Immunohistochemistry for MMP14 showing membranous staining intensity grade 3 in a cell line
Immunohistochemistry for MMP14 in a squamous carcinoma showing membranous and stromal overexpression
Autophagy Biomarkers
Autophagy is a self-degradative process that plays a role in removing misfolded or aggregated proteins and clearing damaged organelles. In cancer, autophagy is generally thought of as a promoting mechanism improving the survival of cancer cells by recycling nutrients, although its deregulation has been linked to non-apoptotic cell death. Strategies for both inhibiting and promoting apoptosis were therefore developed as potential cancer therapies. In this chapter, an interesting translational ongoing study in early stage cutaneous melanoma, including those arising in the head and neck, will be described (Fig. 1.3). The combination of an autophagy marker, Epidermal Autophagy and Beclin 1 Regulator 1 (AMBRA 1) and a cornified envelope differentiation marker, loricrin was used, where the biomarker expression was studied not in the tumour but in the overlying epidermis [18]. Most cases of cutaneous melanoma, including those in the head and neck, are diagnosed at an early stage. Detection and surgical excision results in high cure rates. Nevertheless, a small subset of patients with AJCC stage I disease progress and die from their disease. Initially three cohorts comprising a total of 455 AJCC stage I melanomas from the north east of England were studied. Immunohistochemistry for AMBRA1 and loricrin expression was validated and used to assess loss or downregulation of the markers in the epidermis overlying the melanoma, using adjacent non-tumour epidermis as an inbuilt control. The data indicate that the use of both markers in combination can stratify stage I patients at high and low risk of progression. In multivariate analysis of combined validation cohorts, the high-risk AMBRA1/loricrin (AMLo) expression pattern carried a HR of 3.89 (95% CI 1.8–8.41, P < 0.001) of melanoma recurrence [18]. The aim of our ongoing study is to validate AMLo in several large international cohorts using digital pathology and consensus scoring in order to develop an accredited test. Preliminary data suggest that such a test may be able to replace sentinel node biopsy in early stage melanoma, avoiding an invasive and expensive investigation.

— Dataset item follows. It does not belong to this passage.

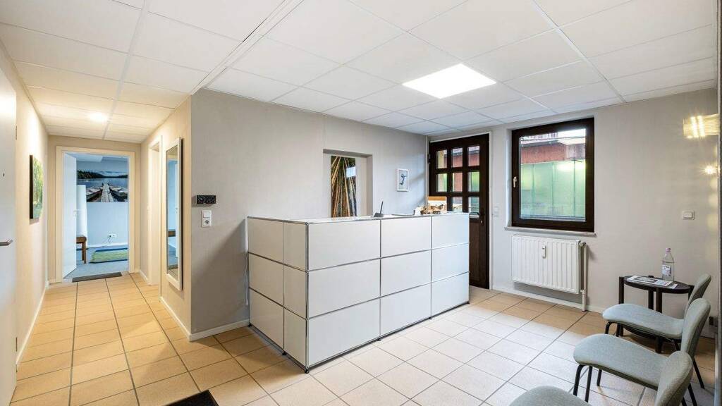 Zum Verkauf steht ein gepflegtes Mehrfamilienhaus aus dem Baujahr 1988. Es verfügt über insgesamt 13 Wohneinheiten, 1 Physio-Praxis sowie eine Schreinerei im rückwärtigen Bereich. Die vermietbare Wohnfläche beträgt ca. 830 m². Die beiden Gewerbeflächen messen insgesamt ca. 303 m². Das Haus ist vollständig unterkellert. Hier befinden sich neben den Kellerabstellräumen noch der Heizkeller sowie 5 Garagen mit Doppelparken, somit insgesamt 10 Stellplätze.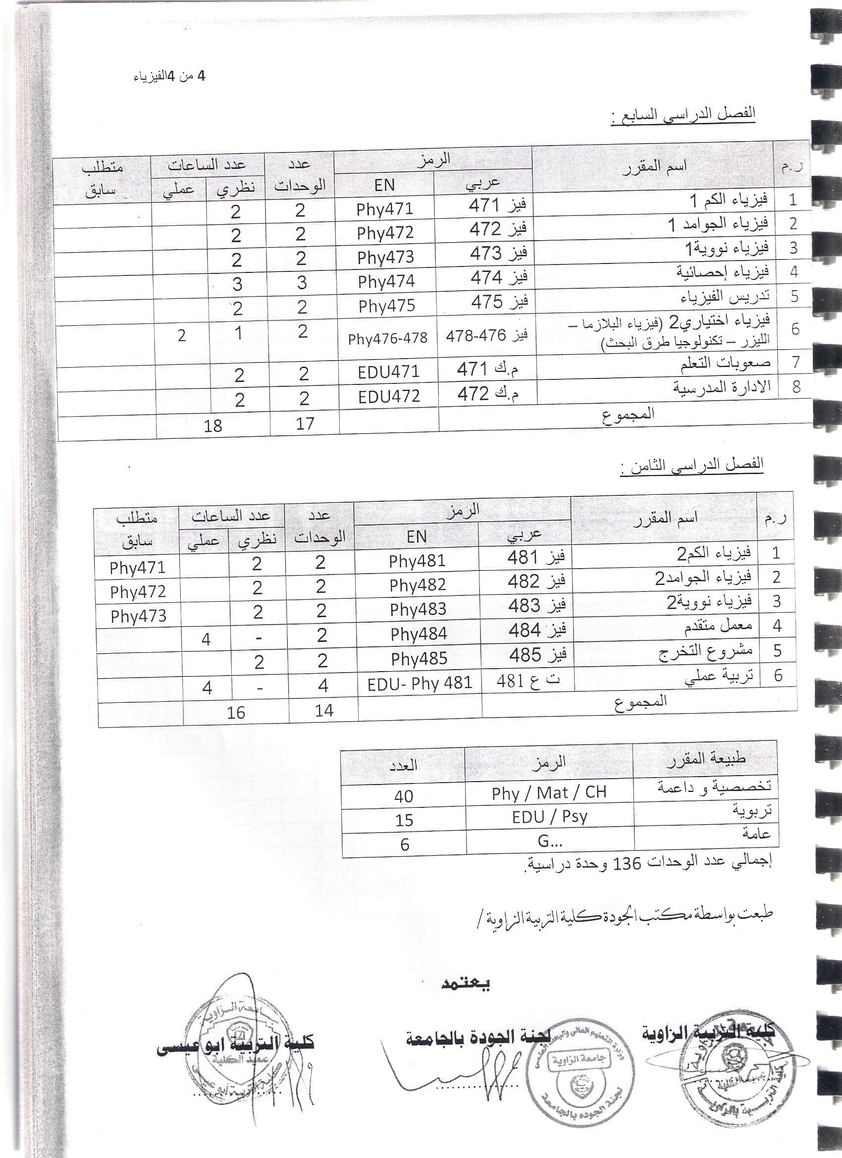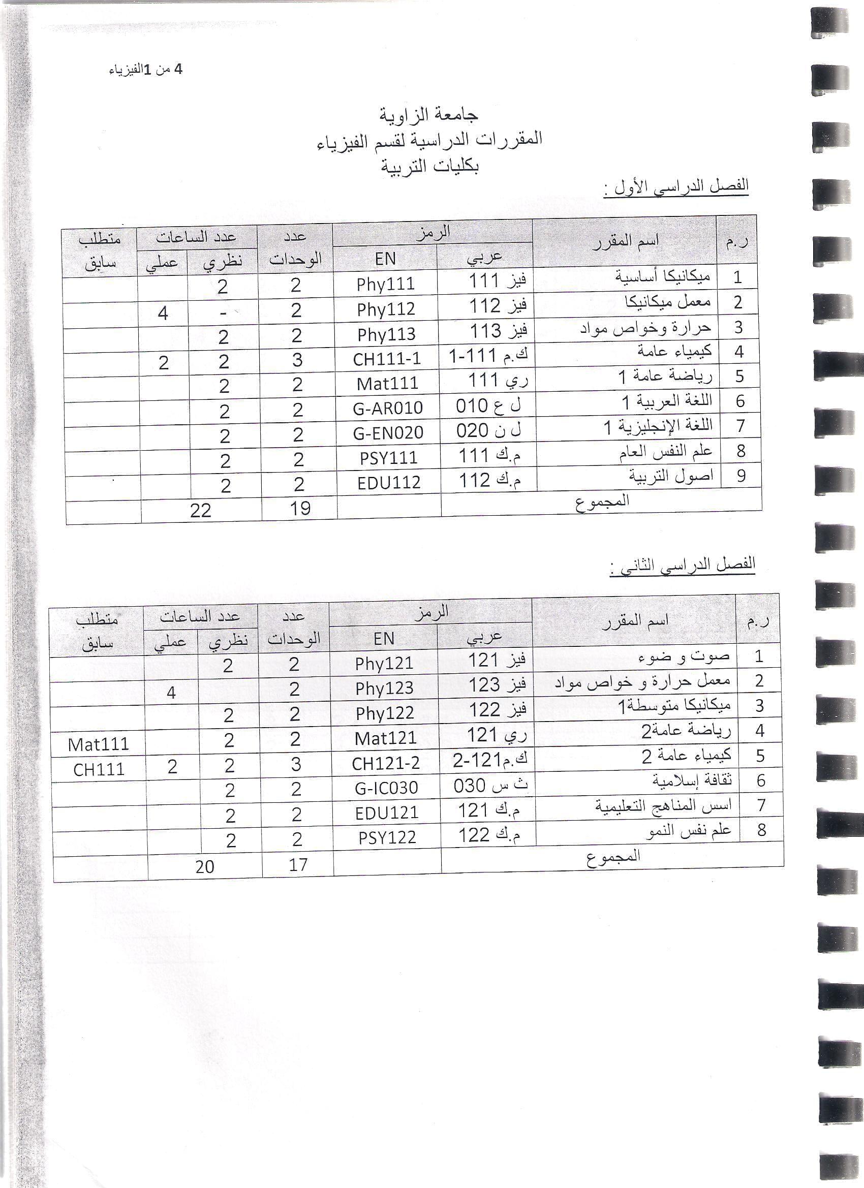 يُعد قسم الفيزياء أحد الأقسام العلمية في كلية التربية أبو عيسى وافتتح القسم مع افتتاح الكلية في عام 1994- 1995م، وتولى منصب رئيس القسم في ذلك الوقت الأستاذ حسن جابر عطا عراقي الجنسية, وكانت الكلية في ذلك الوقت معهد لإعداد المعلمين ونظام الدراسة حينذاك ثلاث سنوات يمنح المتخرج منها شهادة الدبلوم العالي. وفي عام 2000م أصبح نظام الدراسة أربعة سنوات حيث تم تغيير المناهج الدراسية بما يتناسب ومتطلبات التعليم الإعدادي والثانوي وأصبح المتخرج ينال شهادة بكالوريوس علوم وتربية، وفي سنة 2012م بدأ العمل بنظام الفصل الدراسي المغلق ويشتمل على 134 وحدة دراسية مقسمة على ثمان فصول حيث تم الاعتماد على خطة دراسية مواكبة للتطور العلمي ومتطلبات المجتمع. يقوم برئاسة القسم حالياُ الأستاذة عفاف صالح الزوالي ويوجد بالقسم 9 أعضاء هيأة تدريس كما أن عدد الطلبة بالقسم حالياً 100 طالب.

Expression of AMBRA1 and Loricrin in cutaneous malignant melanoma. Top row: high risk melanoma, (a) haematoxylin and eosin, (b) loss of expression of AMBRA1 in the epidermis, (c) interrupted Loricrin staining in the upper epidermis. Bottom row: low risk melanoma, (d) Haematoxylin and eosin, (e) maintenance of AMBRA1 expression in the overlying epidermis, (f) intact band of Loricrin staining over the melanoma
The study is of particular interest because the biomarkers used reflect changes not in the melanoma cells but in the tumour microenvironment. It may be that epidermal keratinocytes play an important role in melanoma switching between radial and vertical growth-phase and developing invasive growth as suggested by in-vitro studies [19]. The epidermis and stroma may not be simple bystanders and play crucial roles in early melanoma progression.
It is also possible that autophagy biomarkers could be used for head and neck squamous cell carcinoma and this is currently under investigation.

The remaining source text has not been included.